ISSN 1662-4009 (online)

ESPE Yearbook of Paediatric Endocrinology (2022) 19 5.6 | DOI: 10.1530/ey.19.5.6

ESPEYB19 5. Bone, Growth Plate and Mineral Metabolism Advances in clinical practice (5 abstracts)

5.6. Vitamin D level and fractures in children and adolescents: a systematic review and meta-analysis

Zheng C , Li H , Rong S , Liu L , Zhen K & Li K



Bone Miner Metab. 2021 Sep;39(5):851-857Abstract: https://pubmed-ncbi-nlm-nih-gov.proxy.kib.ki.se/34115219/

In brief: Vitamin D plays a pivotal role in calcium homeostasis and bone health; a question is therefore frequently raised regarding the risk of fractures in children with vitamin D deficiency. This is more pertinent in safeguarding cases where it is not uncommon to find fractures along with vitamin D deficiency or insufficiency. In this meta-analysis, no relationship between vitamin D levels and the risk of bone fractures in children and adolescents was found.

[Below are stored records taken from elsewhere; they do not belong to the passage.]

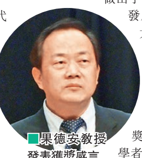
果德安教授發表獲獎感言

果德安教授從事中藥現代研究至今30餘年，在中藥質量標準相關基礎和應用研究以及推動中藥國際化方面作出顯著成績，建立了中藥複雜體系活性成分系統分析方法，構建了中藥整體質量控制標準體系，應用於國家藥典和國際藥典標準中。
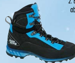
z. B. Bergschuhe für Damen & Herren ab 5 €/Tag
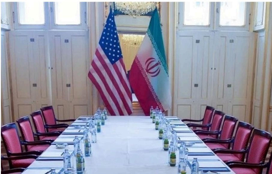
США і Іран ведуть складні переговори

Іранська пропозиція щодо врегулювання конфлікту передбачає повне скасування всіх санкцій США, стверджують джерела.
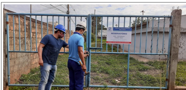
Descrição: Entrada do reservatório

Commentary: In this meta-analysis, the authors identified 13 studies with 3983 participants <18 years old (n=2570 in the control group and n=1373 in the fracture group) that reported bone fractures and 25OHD values. Children with metabolic bone disorders including rickets, chronic diseases and prolonged steroid use were excluded. Using the Newcastle–Ottawa scale, 2 articles were of moderate quality and 11 articles were of high quality.

There were no significant differences in 25OHD levels in the control and fracture groups; there was no publication bias (P = 0.282 in Egger’s test). Sensitivity analysis, OR = 1.22 (95% CI: 0.96, 1.56), I2 = 0%, and P = 0.64 demonstrated no significant difference in the proportion of subjects with vitamin D deficiency between the fracture and control groups; there was no publication bias (P = 0.156 in Egger’s test). These analyses suggest that fractures in children may not be related to vitamin D levels. Given that only case-control and cross-sectional studies were included in the analyses (because of the inclusion criteria), large cohort studies and their metanalyses will be required to confirm the role of vitamin D deficiency and insufficiency in fractures in children and adolescents.